4.  Problem Statement of Existing Techniques for Agentic AI

4.1.  Architectural Bottlenecks and the Failure of Centralization

   Existing AI and automation systems have often relied on centralized
   infrastructure for data aggregation and heavy computing.  However,
   these centralized models cannot handle the volume, velocity, and
   distributed nature of Agentic AI workloads.  Centralized AI systems
   are constrained by central infrastructure, resulting in high latency
   due to round-trip times to the cloud.  Such latency is unacceptable
   for real-time applications such as self-healing and 5G slicing
   management.  There is also the issue that the central server becomes
   a bottleneck, limiting scalability.  The inherent limitations of such
   centralized models (single point of failure (SPoF), latency)
   inevitably drive Agentic AI architectures towards a distributed mesh
   form.  This leverages local processing at the edge for low latency
   and fault tolerance, requiring the standardization of distributed
   control and communication mechanisms that transcend conventional
   centralized SDN/management models.

4.2.  Absence of agent-to-agent (A2A) Semantic Interoperability

   Agentic systems are often built by different vendors using various
   frameworks, leading to fragmented and siloed system operations.
   Complex network management tasks require the decomposition of work
   and collaboration between specialized agents.  Without standardized
   agent-to-agent (A2A) protocols, bespoke connectors become necessary
   to connect these fragmented systems, slowing down development and
   integration speeds.

   Standardization must define consistent payloads and interfaces that
   support real-time interactions between systems, enabling agents to
   discover, understand, and collaborate with one another regardless of
   their underlying implementations.

4.3.  Lack of Dynamic Trust and Accountability in Autonomous Behavior

   The introduction of AI agents as autonomous entities performing
   actions at machine speed presents significant security and governance
   challenges.  Traditional identity and access management (IAM) focuses
   on human users or predefined roles.  However, autonomous agents
   operate with dynamic intent, require context-aware access, and must
   maintain provable accountability for every action they perform.
   Without a robust Zero Trust framework specifically designed for non-
   human autonomous entities, there is a risk of catastrophic security
   breaches or manipulation where autonomous systems could outpace human
   control capabilities.

4.4.  Real-time Data Quality and Validity Issue

   The decision-making of AI agents is determined by the quality of the
   data they receive.  In a network environment, data quality is of
   paramount importance.  Incomplete, delayed, semantic-less, context-
   less, or corrupted data feeds can lead to severe operational or
   financial losses when agents take autonomous actions (e.g., traffic
   rerouting, forced execution of financial transactions).  Therefore,
   it must extend beyond the current focus on bandwidth and speed to
   include the data quality verification agents rely upon.  This is
   essential to meet the requirements of continuously operating
   intelligent agents.

4.5.  Problems with the Existing IBN System: Rigidity of the Intent
      Translation Engine (ITE)

   Existing IBN systems rely on the Intent Translation Engine (ITE) or
   the Intent-Based System (IBS) spatial functionality to bridge the gap
   between the business intent and the network operational
   infrastructure.  This translation is typically driven by predefined
   data models such as YANG models and lacks the necessary adaptive
   flexibility when unforeseen conditions arise.  IBN fundamentally
   shifts operational modes to a dynamic intent-based approach, yet
   retains the inherent limitation that control remains under human
   oversight.  Agentic AI minimises or eliminates human intervention in
   this cognitive loop through LLM-based reasoning and planning
   capabilities, refining the IBN closed loop by integrating continuous
   reasoning and conflict resolution capabilities into the cognitive
   layer.  These capabilities represent what was lacking in the
   classical IBN definition and form the core technical objective.
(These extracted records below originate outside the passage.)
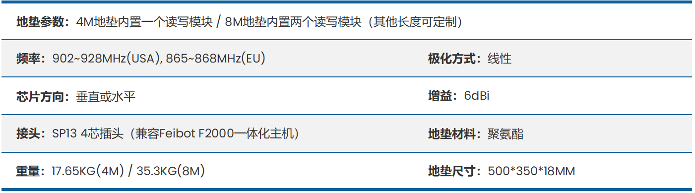 Feibot FMA2 Pro地垫,通常与F2000一体计时主机搭配使用,FMA2 Pro地垫在尺寸规格上与FMA2地垫天线一致,但是相较于FMA2地垫天线具备更卓越的性能。FMA2 Pro地垫新增了内置读写器,实现数据读取更加快速、精准,数据不易丢失。
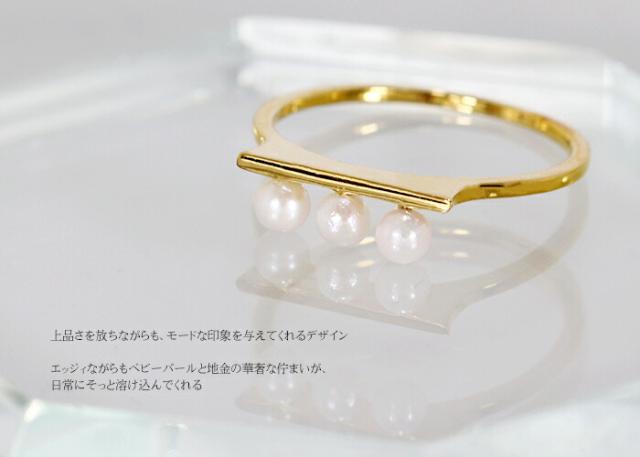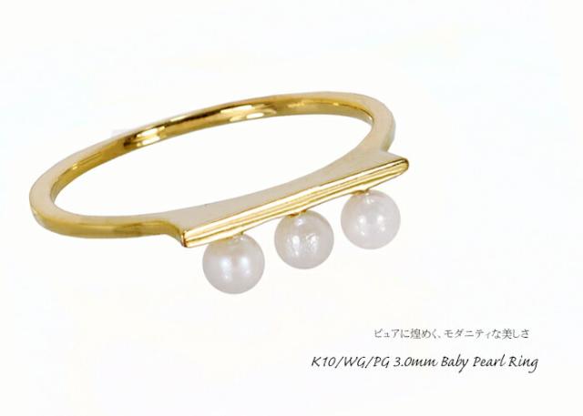 リング あこや 本真珠 ベビー パール 3mm 10金 ホワイトゴールド ピンクゴールド K10 WG PG 3珠 ライン レディース アクセサリー ジュエリー ギフト 83204TY
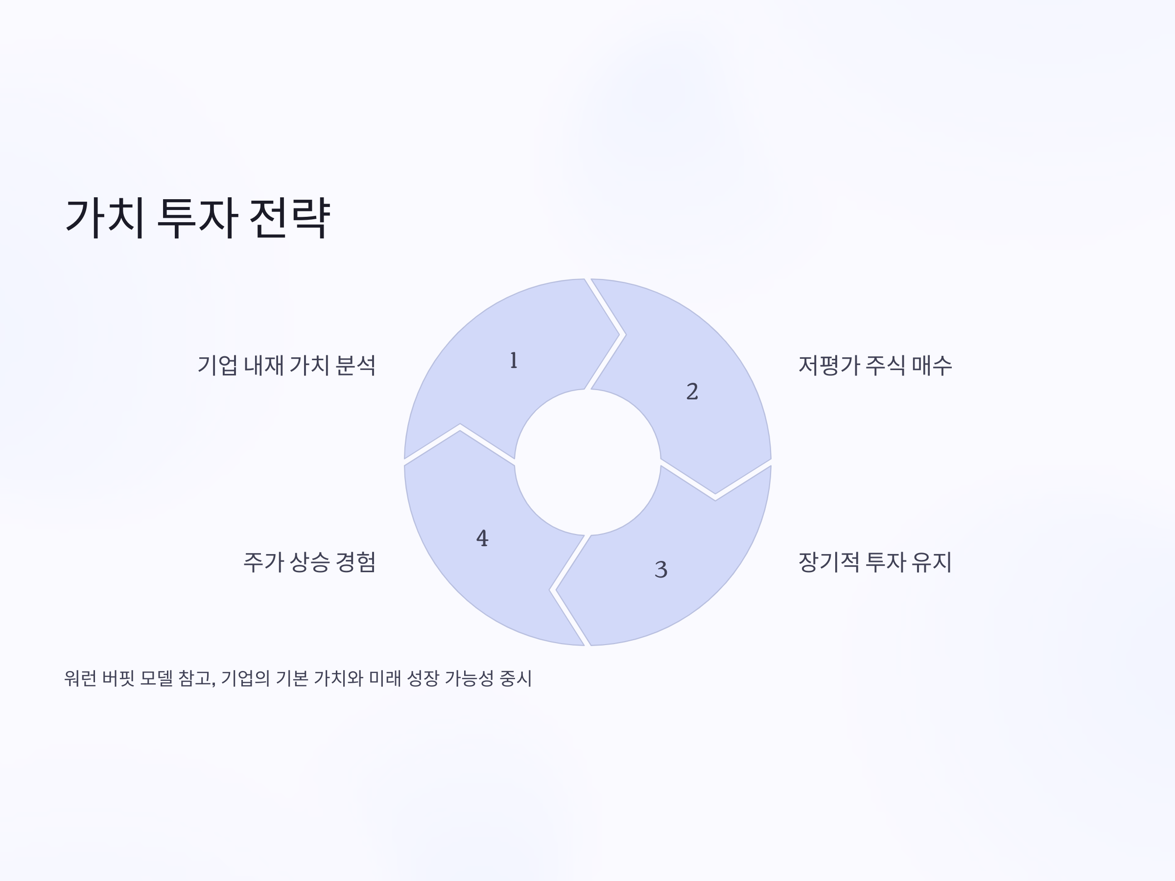 가치 투자(Value Investing)는 장기적인 안목을 가지고 기업의 내재 가치를 분석하여 저평가된 주식을 매수하는 전략입니다. 유명한 가치 투자자인 워런 버핏(Warren Buffett)을 모델로 삼아, 많은 개인 투자자들이 이 전략을 통해 성공을 거두었습니다.

4.6.  ANIMA ASA's Problem: Cognitive Simplicity

   ANIMA's ASAs are typically designed for specific, localized
   autonomous functions (e.g., prefix management, bootstrapping).  They
   rely heavily on predefined policy structures and lack the complex
   reasoning, planning, or self-reflection capabilities characteristic
   of Agentic AI (LLM-based task decomposition).  ANIMA's ASA is
   conceptually a precursor to Agentic AI, but lacks a cognitive core
   (LLM/inference engine).  Agentic AI introduces LLM-based planning and
   tool-use capabilities that require complex, semantic negotiation
   (A2A) beyond simple information exchange (GeneRic Autonomic Signaling
   Protocol; GRASP), demonstrating the necessity for a dedicated
   protocol layer that extends beyond the existing ANIMA framework.

5.  Objectives of Agentic AI for Operations & Management

5.1.  Objective 1 - Autonomous Network Operations & Management

   Beyond minimizing human intervention, it must implement a Autonomous
   Driving Netowrk (defined in TMF) that autonomously recognises,
   diagnoses, infers, and resolves issues even in unpredictable
   situations.

   Key Features:

   *  Predictive & Proactive Fault Management: AI agents learn traffic
      patterns, logs, and performance metrics in real time to identify
      potential causes before faults occur.  The network autonomously
      reroutes traffic or reallocates resources to prevent service
      interruptions at source.

   *  Intelligent Root Cause Analysis: In complex, intertwined fault
      scenarios, multiple agents collaborate to synthesize distributed
      data.  They deduce the root cause as a "problem of correlations"
      rather than a single point of failure and propose solutions.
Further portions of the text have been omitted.